On December 19, 2006, Wright announced that he would be stepping down as leader of the Green Party of Nova Scotia upon the completion of his term, which ended in May 2007.

On May 1, 2019 Wright was elected 'Bencher' of the Law Society of Ontario as a representative for Toronto

Elections
In the 2006 federal election, Wright ran for the Green Party of Canada for the riding of Halifax and received 3.9% of the popular vote (1,948 votes), losing to NDP incumbent and former NDP federal and provincial leader Alexa McDonough.

Wright then led the Green Party of Nova Scotia through the 2006 Nova Scotia general election.
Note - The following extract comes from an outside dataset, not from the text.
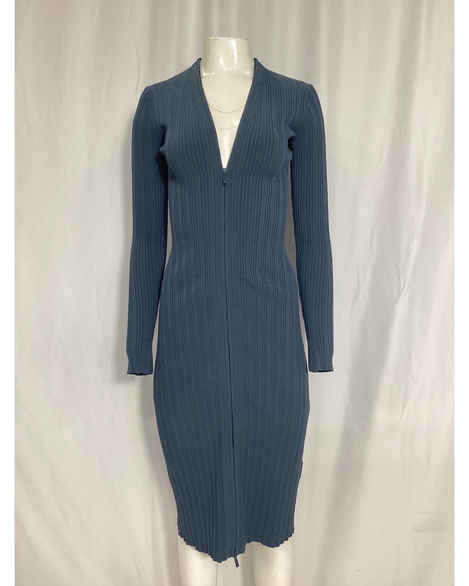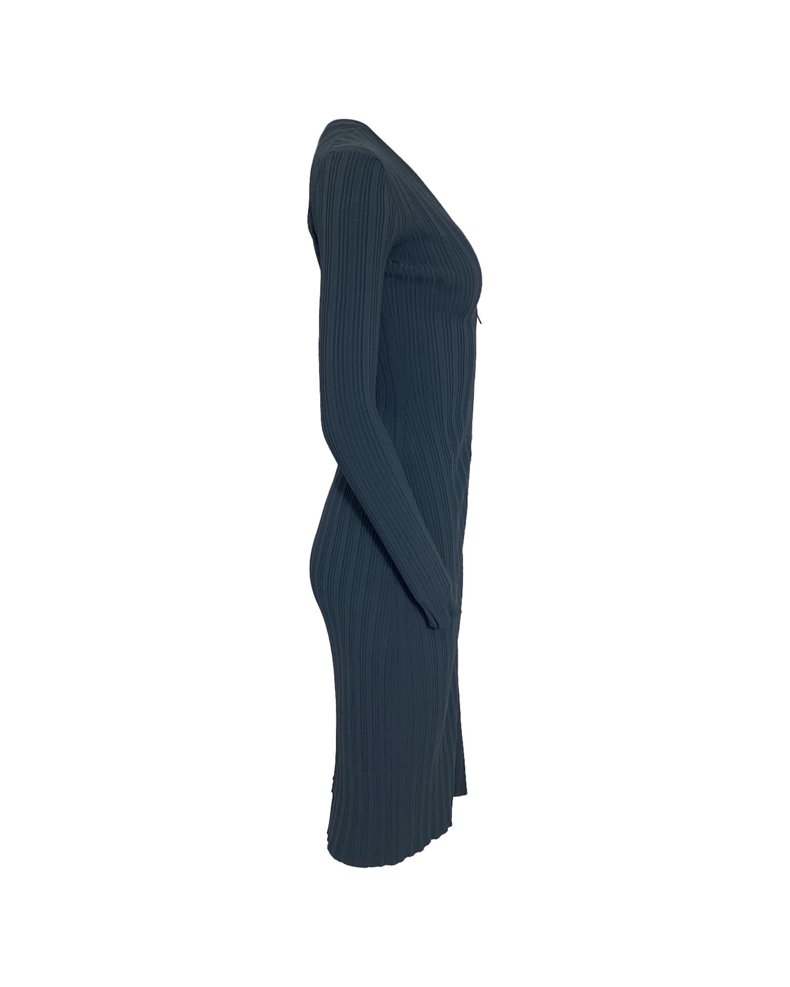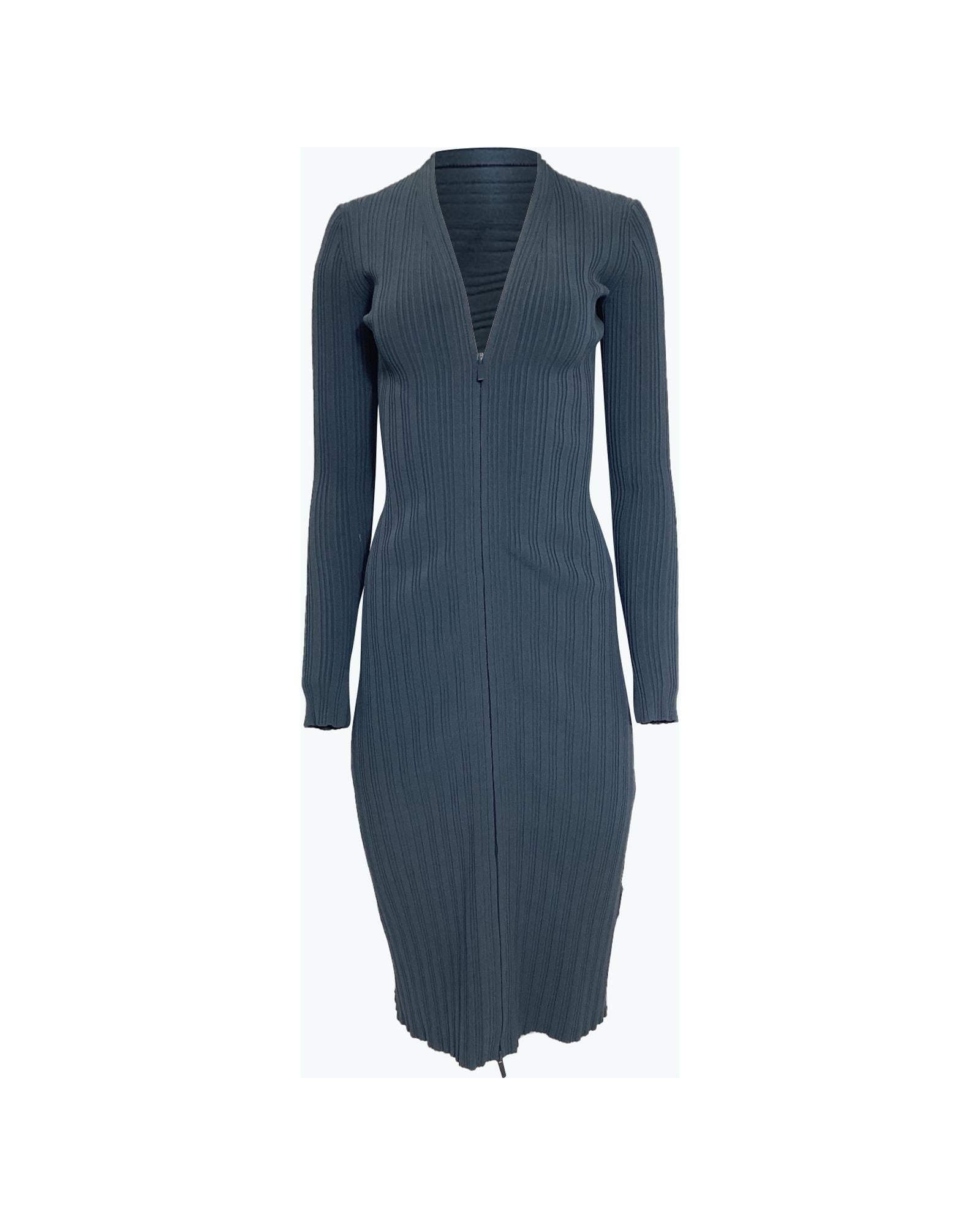 Ribbed Knit Midi Zip Dress

He ran as a candidate for the district of Halifax Citadel and received 4.18% of the popular vote (292 votes), losing to NDP candidate Leonard Preyra.

On October 27, 2014, Wright ran for City Council in Toronto's Ward 20, losing to Joe Cressy.

On June 22, 2015, Wright was nominated Green Party of Canada candidate for Toronto's University—Rosedale for the 2015 federal election. In the election, Wright received 3% of the popular vote (1,423 votes), losing to Liberal candidate Chrystia Freeland.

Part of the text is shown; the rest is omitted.